Stuart Schwartz’s Sea of Storms is an ambitious book. The geography of the book, the entire circum-Caribbean region, covers a variety of distinct nations and cultures — independent islands, small nations on the isthmus of Central America, and the Caribbean regions of Venezuela, the United States and Mexico — with complicated links to imperial rulers and each other. Chronologically, five centuries of hurricane history includes thousands of distinct events. As natural disasters go, hurricanes are complicated in their causes, predictability, and outcomes.

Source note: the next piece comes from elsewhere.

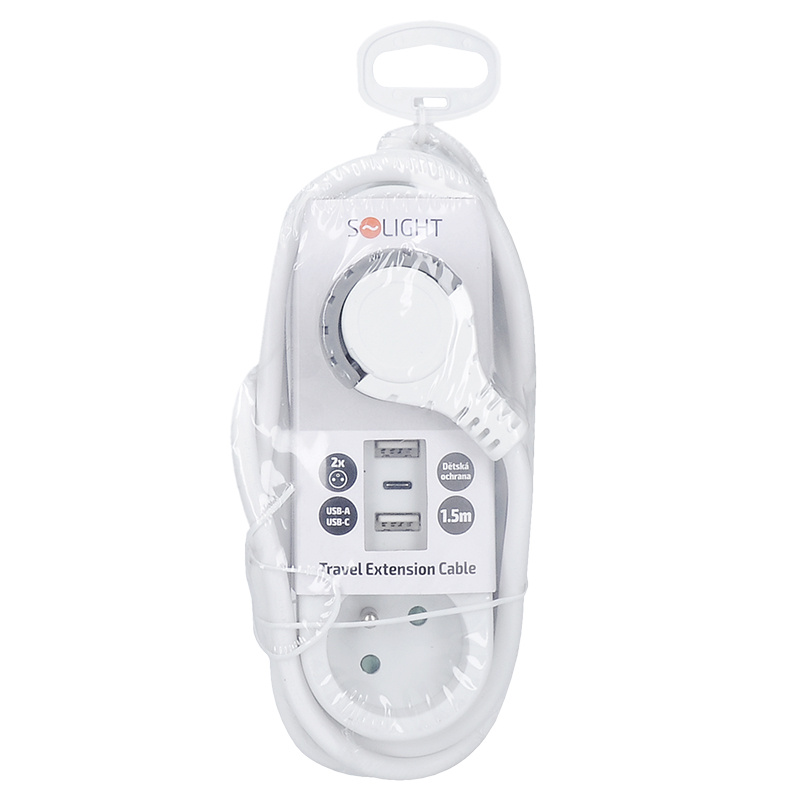Solight 2z + USB A+C 17W, cestovní prodlužovací přívod 1.5m, bílý

Creating a cohesive narrative from his unwieldy topic, and doing so in an engaging lively manner, is a notable achievement.

Schwartz mainly concentrates on three main themes: the social-political implications for societies in a hurricane-prone region, changes in the nature and understanding of hurricanes over the five centuries since Europeans first established a presence in the Caribbean, and environmental causes and results of hurricanes. The book’s methodology relies on inserting hurricanes into the fairly accepted periodization and issues of Caribbean historiography. Schwartz judiciously does not assert that the experience with hurricanes was the causal factor shaping Caribbean societies; rather, he convincingly demonstrates that Caribbean history and society cannot be understood without taking account of these storms.

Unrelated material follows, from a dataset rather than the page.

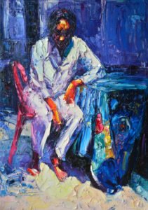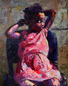 There is a certain luminosity that emanates from Bolaji Ogunwo’s works as they reveal a delicately rich application of a heavy palette. Ogunwo, who has a BA in Fine Art from the University of Benin (2006 – 2010) and is currently a Ph.D. research student as well undertaking a lecturing positioin in the Department of Creative Arts, University of Lagos, spokeof his art as finding expression in impressionism. Five years after graduation from Benin, paintings created by Ogunwo, reveal a significant shift in their thematic preoccupation.

Hurricanes are the ubiquitous “known unknowns” of the Caribbean. They will occur every year from late summer through autumn, with unknown strength, points of origin, paths, and numbers. One of the implicit conclusions of Sea of Storms is that, everywhere and always, planning for and response to these disasters is political. Ideology, expediency, and personality have determined whether a governing state will learn from past storms to build and provide in anticipation of future storms or will offer aid in recovery. Political actors have used hurricanes to build legitimacy and supportive constituencies when useful; others have left natural disaster to the realms of charity or individual resiliency. Juxtaposing the Cuban government’s response to storms during the period from 1996 to 2002 with the US government’s actions during Katrina in 2005 (chapter eight) is a persuasive tactic to argue that wealth and resources do not determine a state’s preparation for, or response to, disaster. The state forms only part of the institutional story of hurricanes. We also learn [End Page 612] about the nature of charity and community by inserting hurricanes into Caribbean history. Philanthropic debates about the nature and targets of charity got thorough workouts from storms. Community response has been more constant than that of other social institutions. With these responses, Schwartz demonstrates the effects of hurricanes on shaping Caribbean societies. He also emphasizes that empathetic and constructive community response has always been the norm, much more than the “exaggerated narrative of social breakdown” (p. 327) that grabs attention.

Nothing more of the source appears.